Help would be greatly appreciated... z^{3} + (1 - 4i)z^{2} + (17 - 16i)z + (-87 - 116i) = 0, where z = 3 + 4i is one of the roots...

step by step working would be fandabadosy too; I know it's pretty basic but I've gone COMPLETELY blank

Cheers!

Re: Cubic polynomial - complex coefficients HELP ME PLEASE

You just apply Ruffini with the root you have. You end up with $\displaystyle P(z) = z^2 + 4z + 29$

$\displaystyle \begin{array}{r|rrrr} & {1} & {1-i4} & {17-i16} & {-87-i116}\\ \, \\{3+i4} & & {3+i4} & {12+i16} & {87+i16}\\\hline & 1 & 4 & 29 & 0\end{array}$

Re: Cubic polynomial - complex coefficients HELP ME PLEASE

Quote:

Originally Posted by

**dynamic** Hello people!

Help would be greatly appreciated... z^{3} + (1 - 4i)z^{2} + (17 - 16i)z + (-87 - 116i) = 0, where z = 3 + 4i is one of the roots...
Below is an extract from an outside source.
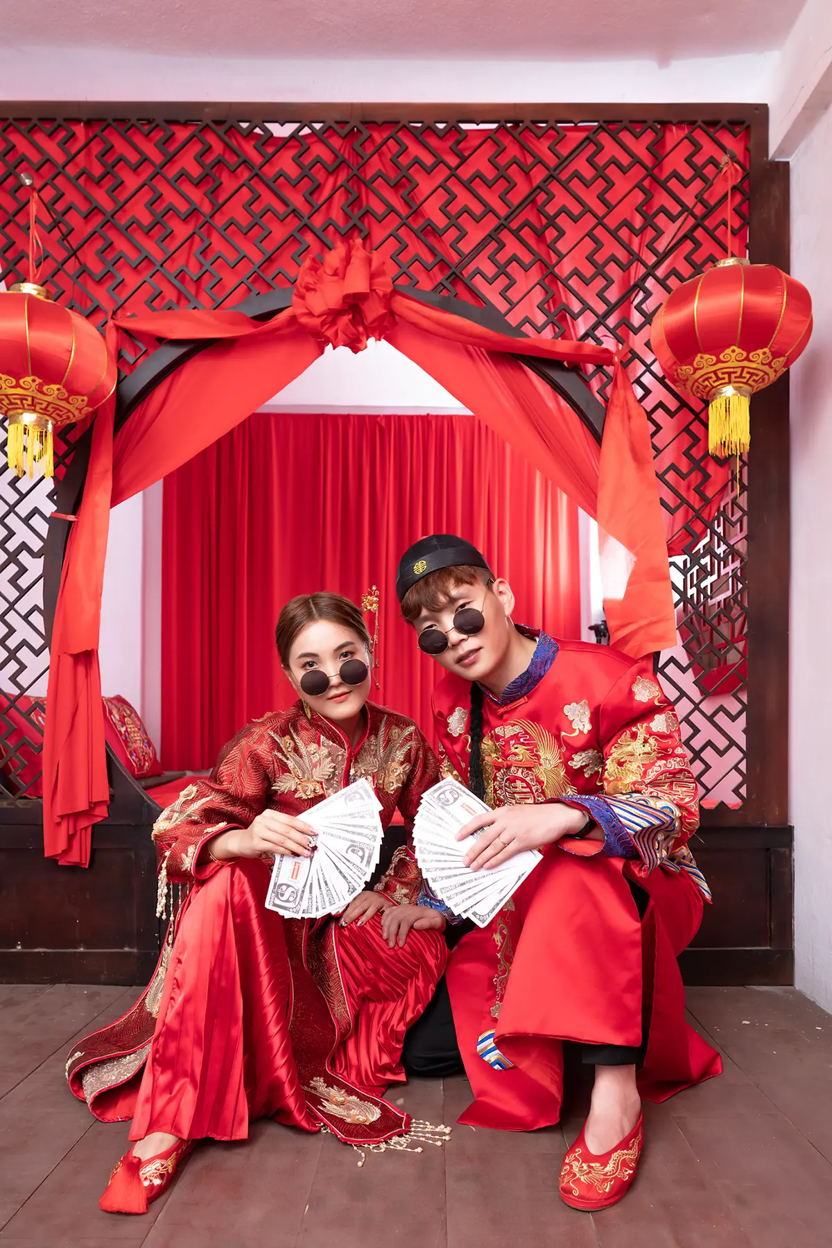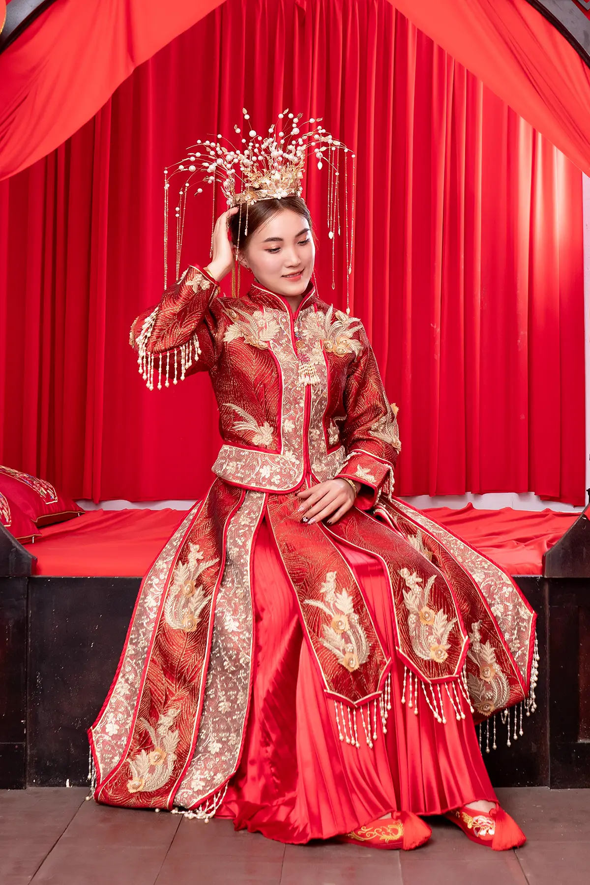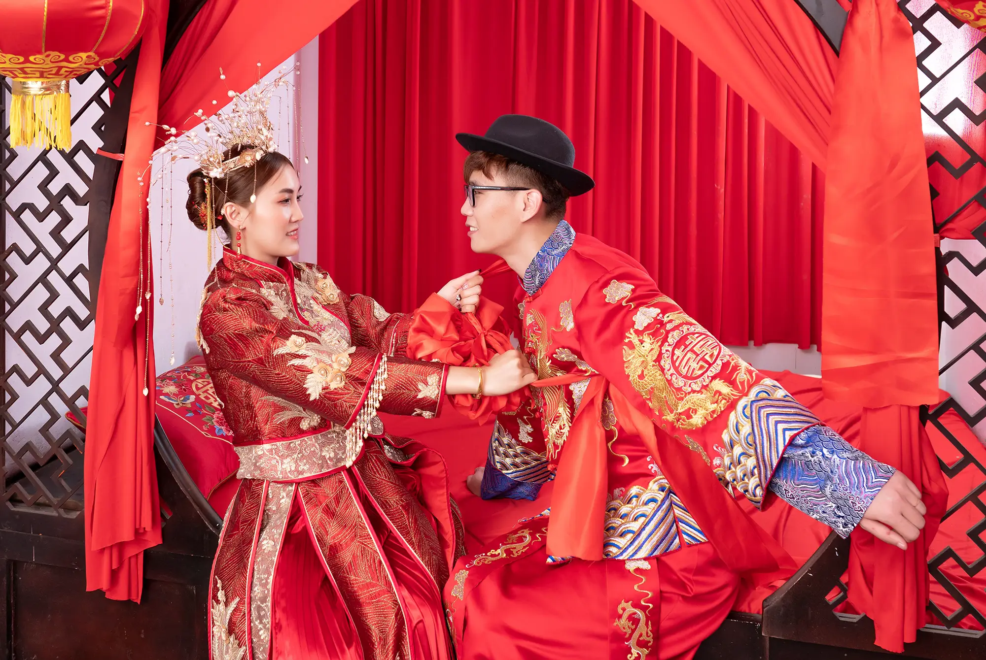 The pre-wedding photo album in the Chinese bridal chamber, inspired by the theme of a traditional Chinese bridal chamber, captures the charm of a “first-night” ritual with a delightful twist. This playful shoot brings ancient customs to life in a way that feels fresh and endearing. The couple wears vibrant, elaborate red and gold wedding attire, each garment rich with embroidery that tells a story of love and luck.

step by step working would be fandabadosy too; I know it's pretty basic but I've gone COMPLETELY blank

This is not a homework service

You can find the exact answer on the web.

To do it for yourself, divide the polynomial by $\displaystyle 3+4i$ to reduce it to a quadratic that you can solve.